▶ **Source material**:
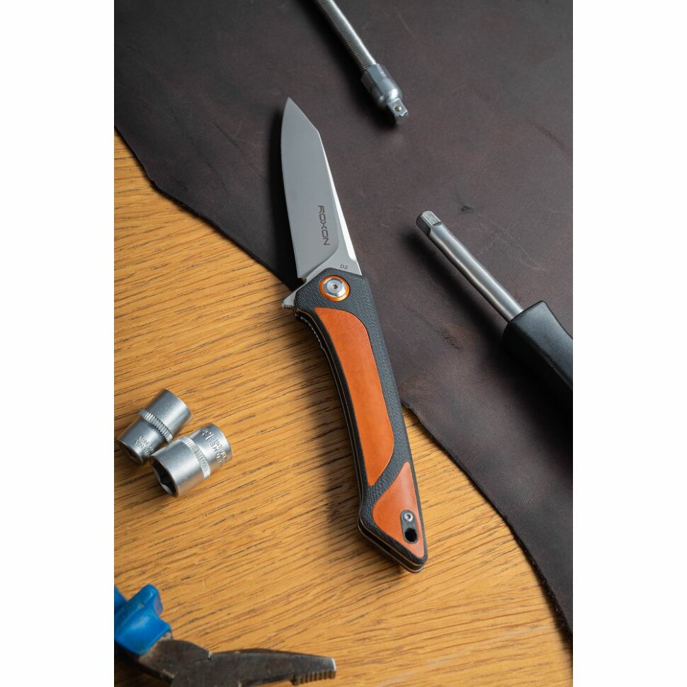 Складной нож Roxon K2 D2 Steel для занятий туризмом и активным отдыхом. Доступен Roxon K2 в трёх разных вариантах расцветки: оранжевая, коричневая, белая. Это мощный и острый нож. Удобен в применении. Форма клинка – drop point, напоминает с виду вытянутую каплю. Эта разновидность лезвия считается универсальной – ею легко выполнять самые разные операции, как режущие действия, так и колющие. Что очень кстати во время отдыха на свежем воздухе. Ножом удобно разрезать, стругать, мелко рубить, сдирать что-либо и выковыривать. Таким образом, многие операции облегчаются при помощи всего одного инструмента. Для изготовления лезвия использовали сразу три вида высококачественной стали, а именно: D2, S35VN, 12C27.
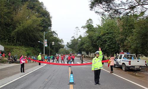 每当傍晚放学,当位于国道321线沿线学校的学生们有说有笑地走出校门。在这里,他们看到了交警叔叔熟悉的身影,以及两条横跨马路的红绢布。“来,同学们,从这里过马路。”蒙山交警大队黄村中队的中队长卢一宪笑着对学生们说道。长长的红绢布,是蒙山交警大队自创的人工红绿灯,为一批又一批学生的安全过马路护航。
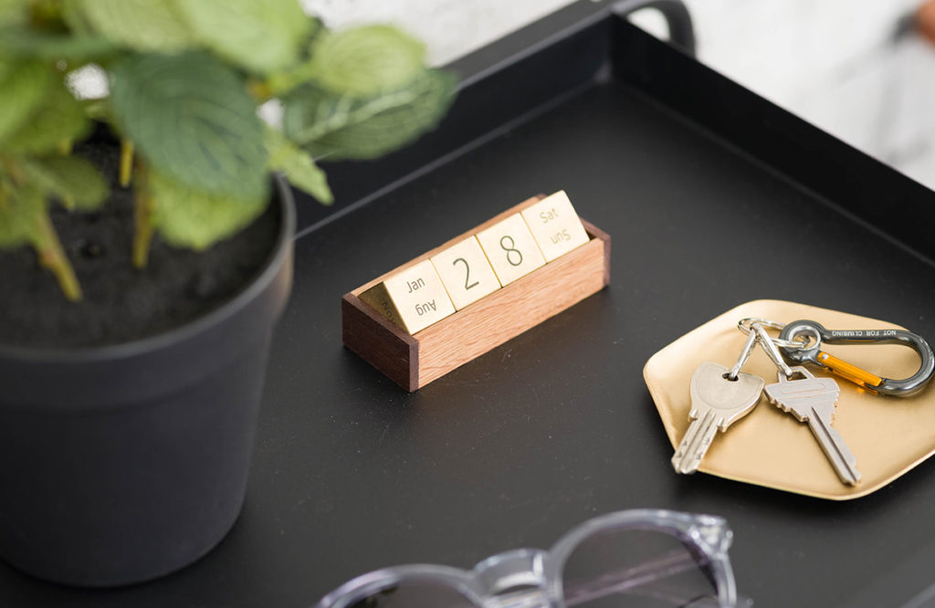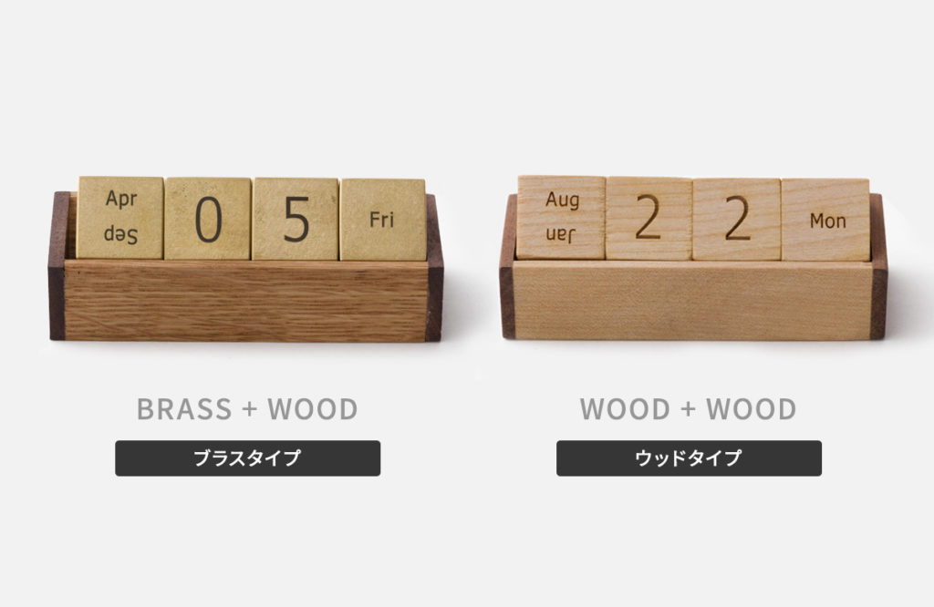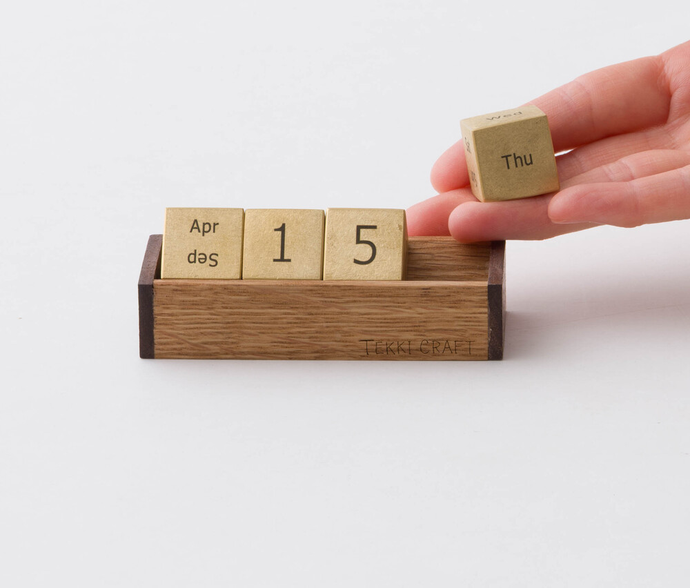 ウッドタイプは、キューブとホルダーのどちらも天然木でつくったカレンダー。キューブ一つひとつ、面一つひとつの木目に個性があって、毎日違う表情が味わえるんです。

▶ **What to produce**:
What you give back must match the material word for word, with no images included.

▶ **Task output**:
 Складной нож Roxon K2 D2 Steel для занятий туризмом и активным отдыхом. Доступен Roxon K2 в трёх разных вариантах расцветки: оранжевая, коричневая, белая. Это мощный и острый нож. Удобен в применении. Форма клинка – drop point, напоминает с виду вытянутую каплю. Эта разновидность лезвия считается универсальной – ею легко выполнять самые разные операции, как режущие действия, так и колющие. Что очень кстати во время отдыха на свежем воздухе. Ножом удобно разрезать, стругать, мелко рубить, сдирать что-либо и выковыривать. Таким образом, многие операции облегчаются при помощи всего одного инструмента. Для изготовления лезвия использовали сразу три вида высококачественной стали, а именно: D2, S35VN, 12C27.
 每当傍晚放学,当位于国道321线沿线学校的学生们有说有笑地走出校门。在这里,他们看到了交警叔叔熟悉的身影,以及两条横跨马路的红绢布。“来,同学们,从这里过马路。”蒙山交警大队黄村中队的中队长卢一宪笑着对学生们说道。长长的红绢布,是蒙山交警大队自创的人工红绿灯,为一批又一批学生的安全过马路护航。
 ウッドタイプは、キューブとホルダーのどちらも天然木でつくったカレンダー。キューブ一つひとつ、面一つひとつの木目に個性があって、毎日違う表情が味わえるんです。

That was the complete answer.